There are lots of types of participial phrases. I'll leave you to learn about them all. The one that drives me bonkers, though, is present participial, and when it's stuck at the beginning of the sentence.
Lots of new writers fall into the pattern of starting sentences the same way. The. He. She. I. Then someone points it out to them, and they're all, "OMG! I must do something more interesting!" so they start rearranging sentences. And they think it's a good idea to stick a present participial phrase at the start of the sentence, 'cause look! Now it doesn't start with the/he/she/I! Now it starts with a verb! I iz greatest author evah!
*twitch*
Okay, let's look at one of these babies for a moment.
Original sentence: He walked across the room and opened the door.
That's a solid sentence. Dry, but serviceable. Then the writer thinks OMGICAN'TSTARTWITHHE!!!
So it gets changed: Walking across the room, he opened the door.
THEREOMGTHAT'SPERFECT!
Please reread that.
He's opening the door while he's walking across the room? How effing small IS this damn room?
Besides the fact that frequently starting sentences that way is bloody irritating to read (seriously, no more than once or twice a page--if you're doing more than that, the frequent "ing" rhythm is damn annoying...it disrupts the flow of language and if you're trying for tension, you're going to lose it), it often has two things happening together at the same time that can't actually happen at the same time.
Let's look at another one that I've seen all too often:
Reaching across the desk, she opened the book.
Again...she's opening WHILE she's reaching?
Or:
Crying out his name, she kissed him long and hard.
Um, I don't think he wants to kiss a chick who is crying his name while her lips are sealed with his.
So how do you, newbie writer, make these sentences interesting without relying on starting with the/he/she/I or a present participial phrase?
Well, stop telling me what's going on, first of all. Let me (the reader) feel it. His heavy boots thudded on the worn hardwood as he crossed the room. A final glance over his shoulder at the empty space left behind revealed a room smaller and darker than the one from childhood memories. His fingers closed around the doorknob and gave the handle a hard twist to the right. He stared straight ahead, determined not to look back, and with a deep breath moved through the threshold.
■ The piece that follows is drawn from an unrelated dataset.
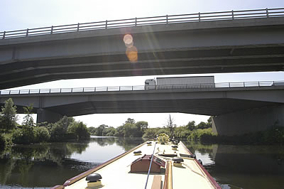 passes. I was aware of some juddering from the tiller and I wanted to check any fouling on the propeller. Like all inland waterways the canals and rivers have a certain amount of rubbish in them, plastic bags being some of the most obtrusive and potentially hazardous to a motor boater, and checking the propeller for fouling is something one needs to do on a regular basis. I should have done it before now. Indeed I know of people who check their prop about once a week. I was not aware of any particular problem but I did wonder if there was something round the prop as the prop wash was a bit exaggerated and there was the judder from the tiller. Like other boats, narrowboats have a thing called a weed hatch. The top of the weed hatch is sealed with a hatch cover which is screwed down. On FRILFORD the weed hatch is abaft the engine underneath the after deck. Indeed it is under my feet when I am standing on the after deck steering FRILFORD. However, the only time I tried to get at it, it took me about twenty minutes to remove various steps, boxes and bits of deck and then I could not get the hatch cover off. Defeated I put everything back, convinced myself, correctly at the time, I am sure, that there was nothing round the prop and continued on my way. Now I felt I needed to get at the prop, but I was not prepared to go through the same palaver. The surveyor who inspected FRILFORD for me before I bought her commented on this and suggested I get a second hatch cut in the after deck so I could get at the weed hatch from outside. I didn’t but can certainly see why what is a good idea.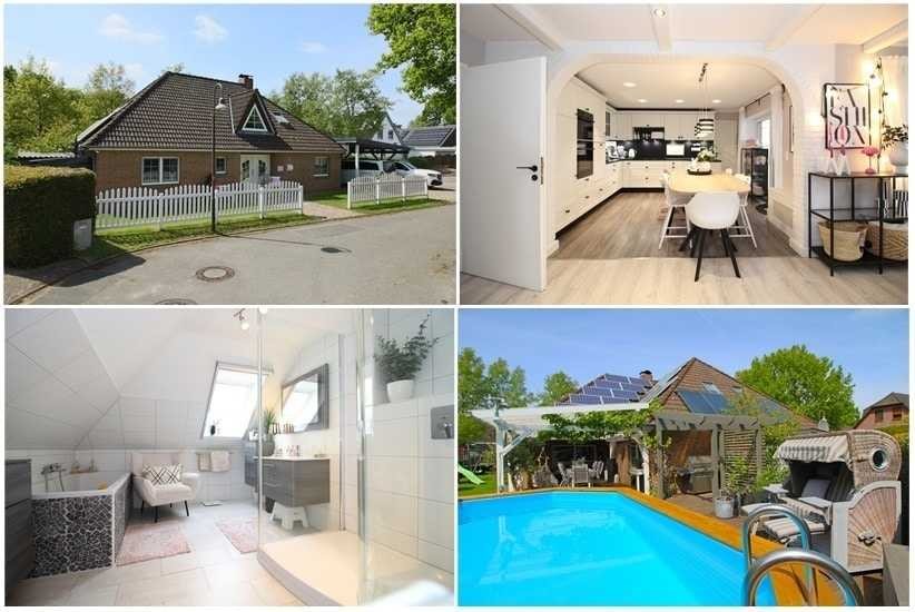 Umfassend und technisch extrem hochwertig saniertes Einfamilienhaus mit massiver Garage, Doppelcarport, großer Terrasse mit beheiztem Pool im uneinsehbaren Garten in Sackgassenlage nahe der Kreisstadt Schleswig und dem Ostsee-Fjord Schlei!

Okay, still not great, but you know what? It's better. PLUS we've gone from one dull sentence to four that actually give you a sense of the space and character.
The ing-disease doesn't always mean you have a conflict of two things happening that can't happen at the same time. But they're awkward as hell and should only be used by those who know what they're doing.
Now, be good little bunnies and do a sweep for these in your next manuscript. Any competent editor would help you fix it in the first place, but then your chances of getting a competent editor when your manuscript is riddled with these is pretty slim.